Élise sentit les mots se former dans sa gorge, lourds et fragiles. « Je n'ai jamais arrêté de penser à toi. »
Luc resta immobile un long moment, puis il se tourna légèrement vers elle. Dans la lumière vacillante du poêle, son visage semblait moins marqué, comme si quelque chose s'était desserré en lui.
« Moi non plus », dit-il doucement. « Je crois que c'est ça, le problème. On a passé huit ans à se manquer sans se donner la permission de se le dire. »
Élise ne trouva pas de réponse. Elle le regarda, et pour la première fois depuis qu'elle avait mis le pied sur cette montagne, elle sentit quelque chose se déplier dans sa poitrine – quelque chose de fragile, comme une aile qui s'ouvre après un long hiver.
Le vent hurla, plus fort que jamais. Le refuge trembla, une secousse brève et violente qui fit tomber la casserole vide du poêle. Le sol vibra sous leurs pieds.
Luc se leva, le regard dur. Il regarda par la fenêtre, où la neige tombait en rideaux serrés.
« Elle est en train d'empiler, dit-il. Ça va tenir toute la nuit. »
Il se tourna vers elle. « Repose-toi. Je monte la garde. »
Elle aurait pu protester. Mais quelque chose dans sa posture disait qu'il avait besoin d'être utile, besoin de courir contre l'inutile de la situation. Elle acquiesça, se couchant sur la banquette, glissant son sac sous sa tête.

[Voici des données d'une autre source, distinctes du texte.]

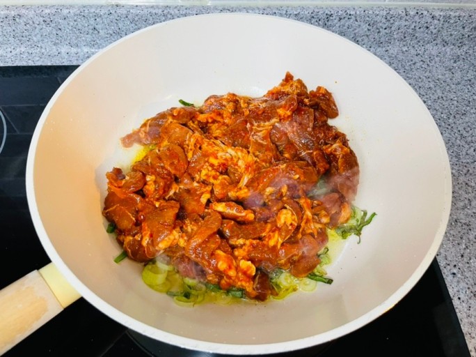 - 달군 팬에 제육 양념 고기만 올린다. 바로 뒤적거리지 말고 펼쳐서 중불에서 2분간 그대로 둡니다. 바닥이 살짝 누르면

« Luc », dit-elle, yeux fermés.
« Oui ? »
« Personne n'a jamais su, pour la maladie. Pas même ma mère. Tu es le seul. »
Il ne répondit pas tout de suite. Quand il parla, sa voix était étrangement douce, comme une caresse sur une blessure ancienne.

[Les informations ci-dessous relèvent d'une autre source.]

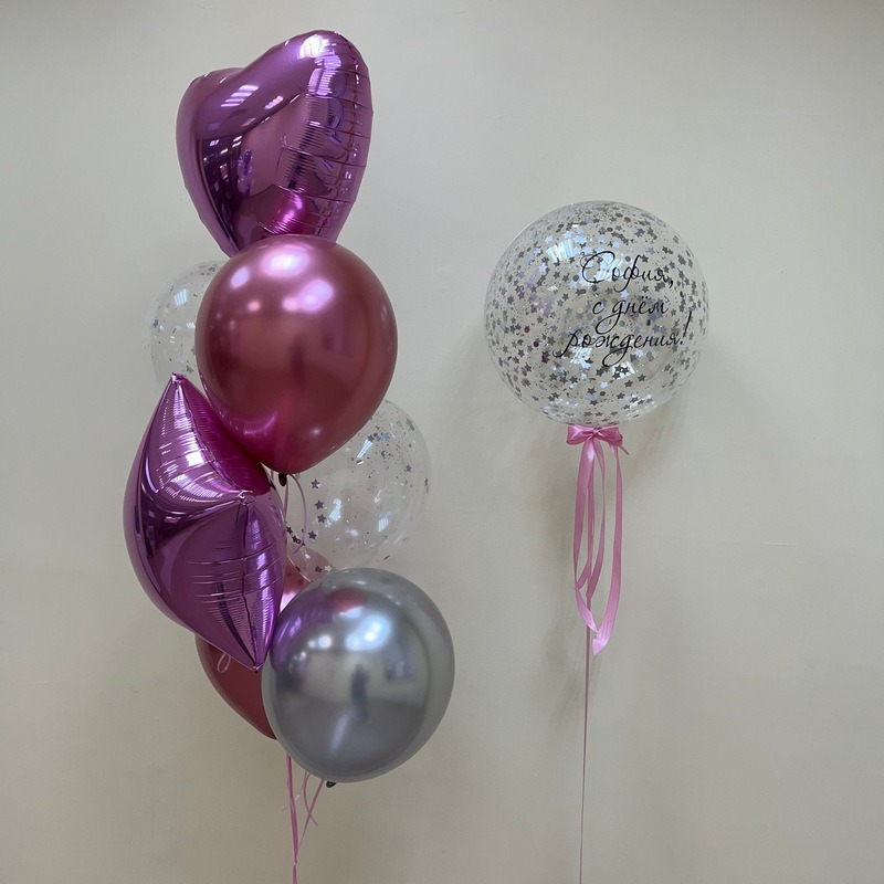 Грузик - 2 шт; Обработка всех шаров для долго полета - 1 шт; Гелий Фольга средняя - 2 шт; Гелий Шарик Латекс 12 д. - 3 шт; Гелий Шарик Латекс с наполнителем - 2 шт; Шар баблс с надписью и нап…

« Je te garde ce secret. Mais plus de mensonges entre nous. Plus rien. »
Elle sentit le sommeil l'atteindre comme une vague, lourde et douce. Quelque part dans la tempête, les moteurs s'étaient tus, les cris s'étaient tus, et il ne restait que le souffle régulier du poêle et la présence solide de Luc dans l'ombre.
« Plus rien », murmura-t-elle avant de sombrer.